HD 40235

Observation data Epoch J2000 Equinox ICRS
- Constellation: Lepus
- Right ascension: 05^{h} 56^{m} 34.4388^{s}
- Declination: −23° 12′ 55.121″
- Apparent magnitude (V): 6.37

Characteristics
- Spectral type: K0III
- B−V color index: 1.068±0.002

Astrometry
- Radial velocity (R_{v}): −4.64±0.12 km/s
- Proper motion (μ): RA: +13.817 mas/yr Dec.: +29.448 mas/yr
- Parallax (π): 6.8612±0.0187 mas
- Distance: 475 ± 1 ly (145.7 ± 0.4 pc)
- Absolute magnitude (M_{V}): +0.69

Details
- Mass: 1.51 M_{☉}
- Radius: 11.6 R_{☉}
- Luminosity: 60 L_{☉}
- Surface gravity (log g): 2.78±0.03 cgs
- Temperature: 4,853±22 K
- Metallicity [Fe/H]: −0.10±0.01 dex
- Other designations: CD−23°3263, HD 40235, HIP 28118, HR 2090, TYC 6491-1059-1

Database references
- SIMBAD: data

= HD 40235 =

Giant star in the constellation Lepus

HD 40235 is a star in the constellation Lepus. At an apparent magnitude of 6.37, it is faintly visible to the naked eye in locations far from light pollution. Parallax measurements give a distance of 145.7 pc.

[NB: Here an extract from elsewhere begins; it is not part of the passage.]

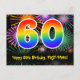 60th Birthday – Fun Fireworks Pattern + Rainbow 60 Postcard

The spectrum of this star matches a spectral class of K0III, with the luminosity class III indicating it is a giant that has exhausted the hydrogen at its core. The star has a mass 1.51 times the mass of the Sun and has expanded to 11.6 times the Sun's radius. It now radiates 60 times the Sun's luminosity from its photosphere at an effective temperature of 4853 K. This temperature give it the orange hue typical of a K-type star.